Cloudera Impala provides direct query interaction for SQL that you store in Apache Hadoop data in Hdfs,hbase. In addition to using the same unified storage platform as Hive, Impala also uses the same metadata, SQL syntax (Hive SQL), ODBC Driver and user interface (Hue beeswax). Impala also offers a familiar platform for batch or real-time queries and unified platforms.

5.Cloudera Hue

Hue is a CDH dedicated set of Web managers that includes 3 parts of Hue Ui,hue Server,hue db. Hue provides an interface for all CDH components of the Shell interface. You can write Mr in Hue, view files that modify HDFs, manage hive metadata, run Sqoop, write Oozie workflows, and much more.

Spark:

Founding organization: Development of the University of California, Berkeley AMP Lab (algorithms, machines, and people Lab)
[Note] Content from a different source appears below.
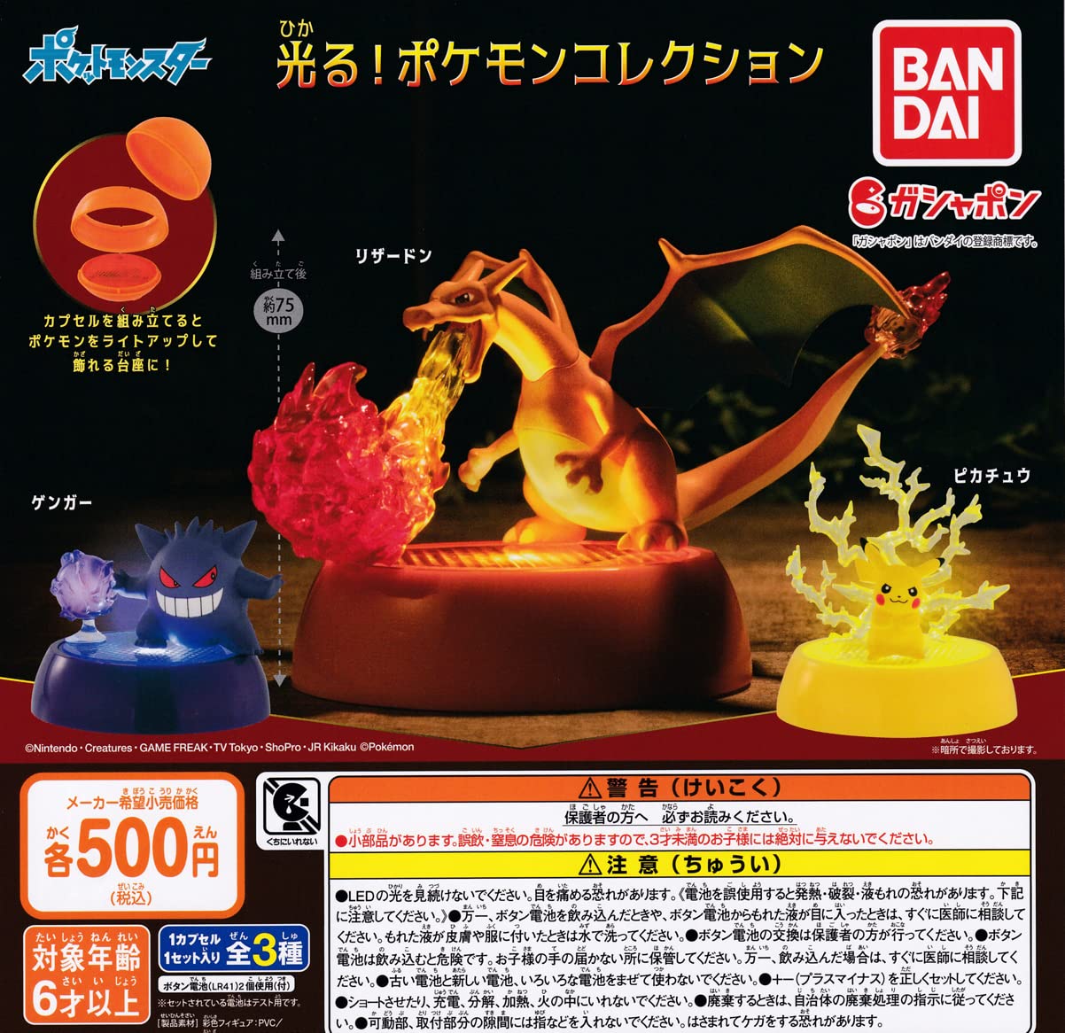 Bandai Set of 3 Pokemon Hikaru Collection Light Base LED Light Pikachu Gengar Charizard Gashapon Figures Height 7 cm Original Japan Amazon Toys Games Very well made.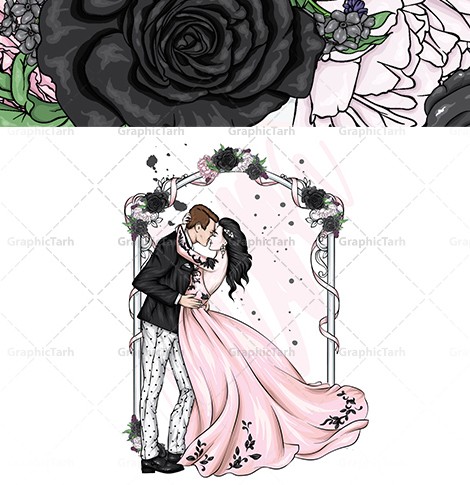 وکتور آبرنگی عروس و داماد | گرافیک طرح | وکتور نقاشی آبرنگی عروس و داماد فانتزی کارت عروسی و ازدواج | وکتور زیبای لباس عروس eps

Spark is an open-source cluster computing environment similar to Hadoop, but there are some differences between the two that make spark more advantageous in some workloads, in other words, Spark enables the memory distribution dataset, in addition to providing interactive queries, It can also optimize iteration workloads.

Spark is implemented in the Scala language and uses Scala as its application framework. Unlike Hadoop, Spark and Scala are tightly integrated, and Scala can manipulate distributed datasets as easily as local collection objects.

Although the Spark was created to support an iterative job on a distributed dataset, it is actually a supplement to Hadoop that can be run in parallel in the Hadoo file system. This behavior can be supported by a third-party cluster framework named Mesos. Developed by the UC Berkeley AMP Lab (algorithms, machines, and People Lab), Spark can be used to build large, low-latency data analytics applications.

Storm

Founder: Twitter

Twitter is officially open source for Storm, a distributed, fault-tolerant, real-time computing system that is hosted on GitHub and follows the Eclipse public License 1.0. Storm is a real-time processing system developed by Backtype, and Backtype is now under Twitter. The latest version on GitHub is Storm 0.5.2, which is basically written in Clojure.

Big Data technology: Hadoop family, Cloudera series, Spark, Storm "turn"

Related Article

Contact Us

The content source of this page is from Internet, which doesn't represent Alibaba Cloud's opinion; products and services mentioned on that page don't have any relationship with Alibaba Cloud. If the content of the page makes you feel confusing, please write us an email, we will handle the problem within 5 days after receiving your email.

If you find any instances of plagiarism from the community, please send an email to: info-contact@alibabacloud.com and provide relevant evidence. A staff member will contact you within 5 working days.

A Free Trial That Lets You Build Big!

Start building with 50+ products and up to 12 months usage for Elastic Compute Service

  • Sales Support

    1 on 1 presale consultation

  • After-Sales Support

    24/7 Technical Support 6 Free Tickets per Quarter Faster Response

  • Alibaba Cloud offers highly flexible support services tailored to meet your exact needs.